Pour en finir avec l'idée de prince charmant (PC)
sommaire dossier "Un jour mon prince viendra..."

Vous avez dit PC ? Amusant, sans aucun doute, de reprendre à notre compte ce fantasme hétérosexuel de la perfection. Loin d'être personnellement horrifie par ce rôle persistant et incontournable ment sexiste du beau mâle à cheval, condamné à sauver une non moins séduisante dormeuse qui, au mieux, spolie le dîner de sept braves travailleurs, au pis, se cantonne à faire des ménages pour survivre, avant d'être contraint au mariage et à la procréation sauvage (à croire que les seuls revenus des PC leur viennent des allocations familiales), je me pose quelques questions existentielles sur la teneur symbolique de nos contes de fées.

La caricature du PC me semble toute contenue dans l'expression "ce n'est pas mon type", exprimant de façon plus heureuse la monstruosité d'un corps qui ne nous attire pas : trop laid, trop vieux, trop grand, trop petit...le PC n'est que l'image embellie de nos velléités les plus perverses, de notre recherche incessante de l'esthétisme comme fin en soi, de nos discriminations les plus honteuses.

Mais, notre héros ne nous ferait-il pas oublier que nous ne sommes pas de belles princesses en puissance. Car, pour réclamer la perfection, il faut se croire irréprochable. Aussi, bien généralement, les critères de perfection que nous réclamons de notre PC sont croissants avec nos propres qualités.
Une personne difforme et repoussante se contentera d'un alter égal attentionné et aimant ; une beauté des îles réclamera un peu plus que ces caractéristiques basiques. Le PC n'est donc pas seulement le traducteur de nos normes étriquées, il constitue surtout le miroir de notre propre perfection, celle que nous avons de nous-mêmes, celle que nous offrons aux autres.

Croire au PC ne conduit-il pas à passer à coté de mecs formidables ? Nos attentes normatives nous poussent à refuser tel ou tel sous prétexte qu'il est trop gros ou qu'il n'a pas un sexe assez long. De ce fait, nous stigmatisons, nous rejetons, reproduisant les mêmes schémas d'exclusion que ceux que nous combattons. Nous courrons après un mythe, en quête d'une arlésienne qui nous obsède, Graal de tous nos fantasmes inassouvis, triomphe de nos frustrations les plus profondes. Quand cesserons-nous de nous comporter comme des enfants? Ne sommes-nous pas assez murs pour comprendre les sous-entendus de ces contes de fées ? Il n'y a pas de feu sans fumée, pas de PC sans sorcière, pas de grand-mère sans loup.

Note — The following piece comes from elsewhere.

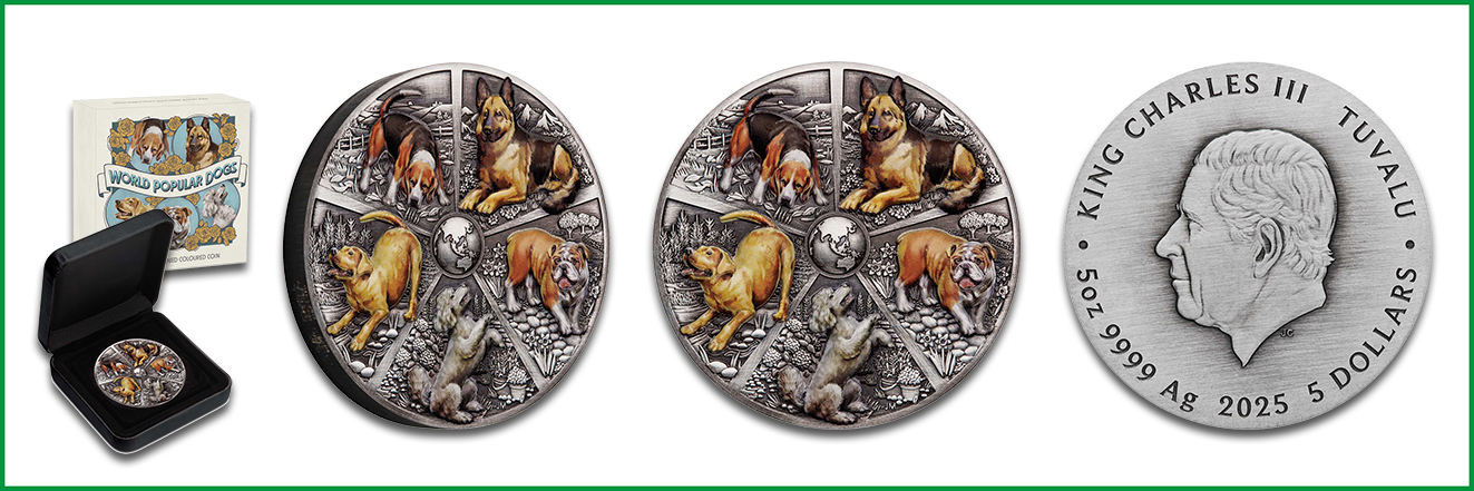 Die australische Prägestätte Perth Mint gibt eine besondere Sammlermünze im Antik-Finish heraus. Die Silberfarbmünze stellt auf ihrer Bildseite eine Auswahl der beliebtesten Hunderassen der Welt vor. Auf je einem Fünftel der Münzfläche sind die Rassen Deutscher Schäferhund, Bulldogge, Pudel, Labrador Retriever und Beagle dargestellt. Jedes Tier ist vor einem stilisierten Hintergrund abgebildet, welcher die natürliche Umgebung seines Ursprungs zeigt. Im Zentrum befindet sich eine Weltkugel als Symbol für die globale Schätzung dieser Arten. Das Design stammt von der Künstlerin Jenifer McKenna. Die Wertseite ist King Charles III. nach Jody Clark gewidmet. Sie integriert den Nennwert über 5 Tuvalu Dollar (TVD) für den Inselstaat als Ausgabeland. Als Besonderheit ist jede Münze von Hand “antikisiert”, sodass es sich um Unikate handelt.

A supposer que ce PC existe, que feriez-vous en le trouvant...toute médaille a son revers. Se donner les moyens de parvenir à ses fantasmes c'est aussi se condamner à en supporter les complexes. Vivre avec son idée de perfection, voila bien un calvaire plutôt qu'un plaisir. Et pourtant, combien de Sysiphes se sont condamnes eux-mêmes à pousser éternellement leur rocher, combien de prophètes devront, à vie, porter leur croix...cette recherche tous azimuts de la perfection est la route qui mène à la servitude: esclaves de nos normes abettissantes et moralisatrices, nous recréons ex nihilo de hiérarchies inacceptables.

Je me garderai de tout conseil, de tout sermon. Mais je garde à l'esprit l'envie de considérer chaque amant, chaque nouveau plan-cul, comme un PC potentiel, m'abandonnant à mes désirs, occultant les imperfections. Refuser une construction a priori de l'image - idéale - de PC, n'est-ce pas se protéger des jugements les plus scandaleux.